The why, apparently, turned out to be that the Phils thought their chances were better with Pedro Martinez. The Phils signed the free agent Martinez in mid-July to a contract that would have the Phillies paying him about a million dollars. Martinez made nine starts for the Phils in 2009 and pitched better than a lot of people were expecting, going 5-1 with a 3.63 ERA and a 1.25 ratio. There were some warning signs, too, though. Opponents slugged .472 against him and he allowed eight home runs in 44 2/3 innings. That home run rate would have had him allowing about 36 over 200 innings. Milwaukee’s Braden Looper was the only pitcher in either league that allowed 36 or more home runs this season. Two of his early starts with the Phils were cut short by rain, but he threw less than five innings per start in his nine outings with the Phils.

He didn’t exactly end the regular season on a high note. He made a fantastic start against the Mets on September 13 in which he threw 130 pitches in eight shutout innings. His next start was against the Braves on September 19 and he allowed three runs over three innings before leaving the game with a neck problem. He made just one more start before the end of the year and he wasn’t very good. On September 30, he faced Houston and allowed three runs on six hits and a walk over four innings.

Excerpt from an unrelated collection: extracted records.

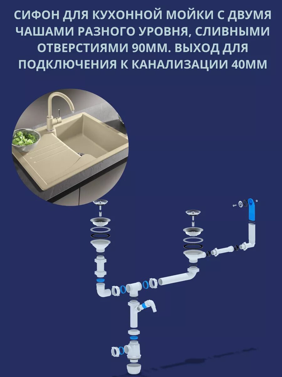 Сифон сливной для кухонных моек с диаметром слива 50-60 мм 666 ₽
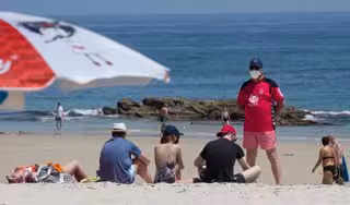 Varias personas protegidas con mascarillas toman el sol en la Playa de A Rapadoira en Foz, en la comarca de A Mariña. - Carlos Castro - Europa Press
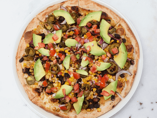 Hummus, chipotle, black beans, jalapenos, corn, chilli, red onion, vegan cheese, fresh avocado & pico de gallo
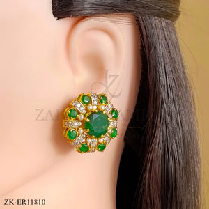 Handcrafted 22k gold plated earrings studded with emerald and zircons.
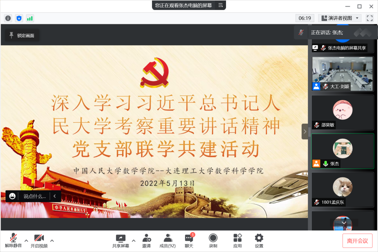 会上,人老员工党员张经纬、封嘉誉、伊力扎提·安尼瓦尔,大连理工大学员工党员付一宸、万禹彤、李宁依次分享学习心得。
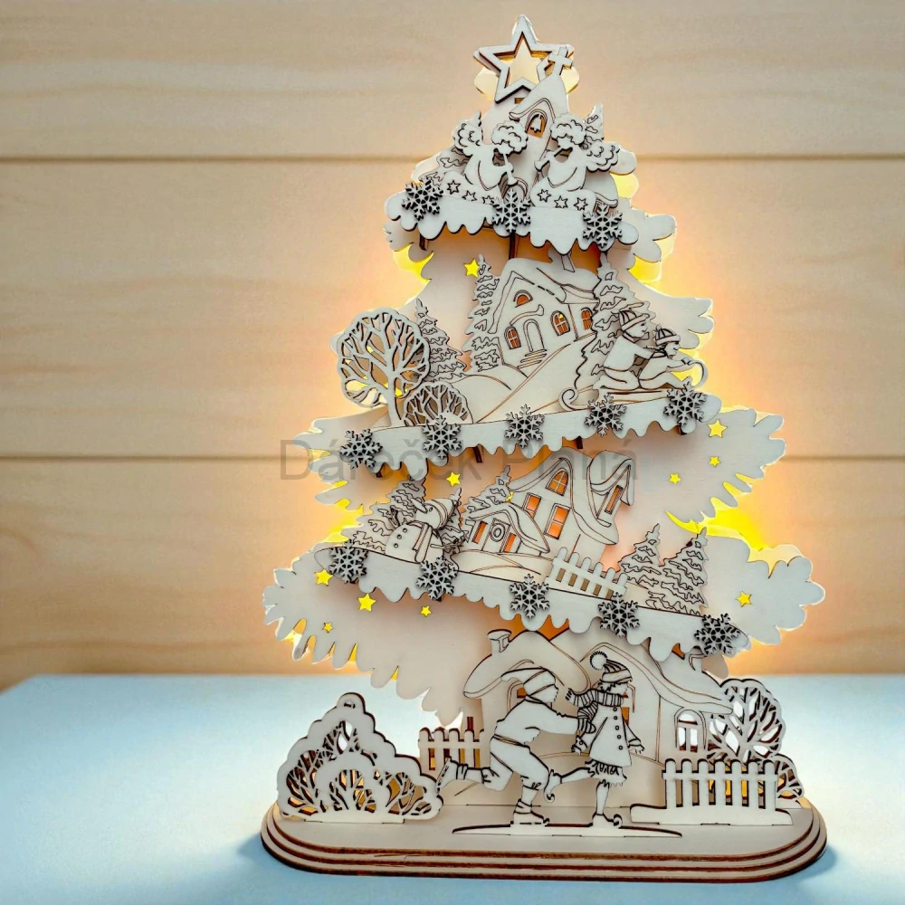 Tento nádherný dřevěný vánoční stromeček o velikosti 42 cm na výšku a 30 cm na šířku je perfektní dekorace pro všechny, kteří milují hřejivou atmosféru zimních svátků. Vyroben z kvalitní 3 mm překližky, do detailu propracovaný a vybavený LED světýlkem, které jemně prosvěcuje jednotlivé prvky – domky, stromečky i hvězdičky 🌟.

It didn’t scare off the Phillies. They let him start a game in the NLCS and two games in the World Series. They lost all three games. In the first he pitched great but had to be pulled before he had thrown 90 pitches. In each of the next two the Phils left him in the game too long. He started the game in which they were eliminated from the World Series and was awful.

So Blanton was a solid pitcher this year, the Phils gave at least some of his playoff starts to Pedro, who not a lot of other teams seemed to want, and then they lost every post-season game that Pedro started. That sounds pretty bad and I think it was. It’s a little more complicated than that, though.

The Phillies scored a total of five runs in the three games Martinez started. Pedro didn’t pitch as well as his numbers would indicate, but his numbers were great overall for the playoffs. In the three playoff starts with the Phils, Pedro threw to a 3.71 ERA with an 0.88 ERA. Blanton, meanwhile, did not pitch well in his post-season chances. He made two starts and two relief appearances overall for the post-season, throwing to a 5.17 ERA and a 1.21 ratio.

Still, the decision to go with Martinez instead of Blanton in the post-season was critical for the Phillies. And it didn’t work.

Cliff Lee will be back with the Phils in 2010 after the Phillies picked up his $9 million option.

Brett Myers will not be back.

Feliz may or may not be back, but it’s a little less likely now that the Phillies have declined his $5.5 million option.

I think the Phils went 3-for-3 in that flurry. I think it was the right decision not to pick up Feliz’s option, but I was surprised to see them do it. Beltre, Figgins and DeRosa seem to be the names that most people are talking about as improvements at third. If he’s healthy, I think Troy Glaus would be a huge help for the Phillies offensively as well. You might notice some defensive dropoff, though. The list of free agent third basemen that would help the Phils more than Feliz isn’t that long, so hopefully they have something in mind.

Ibanez (sports hernia) and Eyre (loose bodies in his elbow) were scheduled for surgeries yesterday and Lidge will have surgery on Wednesday to remove loose bodies from his right elbow.

Park, Feliz, Bako, Stairs, Martinez, Myers and Cairo have all filed to become free agents.